Ordinance negates the spirit of the judgment
The judgment is not solely based on the language of Article 239AA(3)(a) but invokes larger constitutional principles of democracy and federalism. Noting that the Constitution itself envisaged an elected government and legislative assembly for the NCTD, the Court said that it has to adopt an interpretation which will advance the interests of democracy and federalism.
“In a democratic form of government, the real power of administration must reside in the elected arm of the State, subject to the confines of the Constitution,” the Court observed. It added, “A constitutionally entrenched, and democratically elected government needs to have control over its administration”.

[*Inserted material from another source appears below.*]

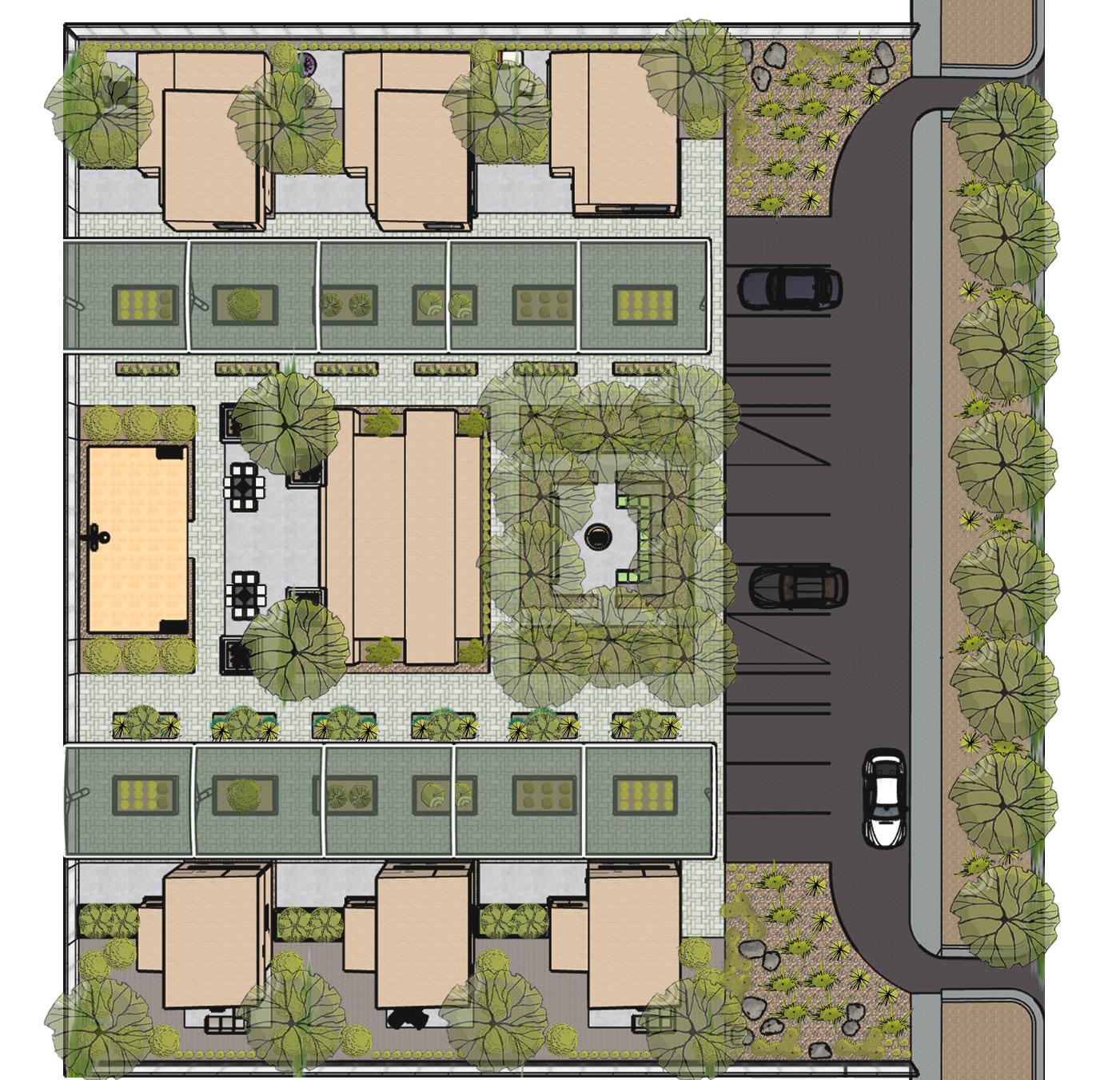 shade Permeable pavers Dense shade Outdoor community spaces Community center for design and creative spaces Resident and guest parking N 4th Ave

“If a democratically elected government is not provided with the power to control the officers posted within its domain, then the principle underlying the triple chain of collective responsibility would become redundant. That is to say, if the government is not able to control and hold to account the officers posted in its service, then its responsibility towards the legislature as well as the public is diluted. The principle of collective responsibility extends to the responsibility of officers, who in turn report to the ministers.”
The bench cautioned:
“If the officers stop reporting to the ministers or do not abide by the directions, the entire principle of collective responsibilities is affected. A democratically elected government can perform only when there is an awareness on the part of officers of the consequences which may ensue, if they do not perform. If the officers feel that they are insulated from the control of the elected government which they are serving, then they become unaccountable or may not show commitment towards their performance.”
The effect of the present Ordinance is to perpetuate the very same danger which the Court apprehended and wanted to avert - insulation of the civil servants from the elected government and their consequent loss of accountability, disruption of the accountability and efficiency of the elected Delhi government and indirect rule of the Union Government in violation of federalism. The arguments of the Union Government were rejected by the Court on the ground that they will lead to erosion of democracy and federalism. The very same arguments have come alive through the present Ordinance, which mocks the Supreme Court. So, even applying the principles of primacy of elected government, triple chain of accountability and cooperative federalism which are discussed in the judgment, the Ordinance cannot pass the muster. The Ordinance is nothing but a colourable legislation which does not square with the Constitution Bench judgment both in its letter and spirit.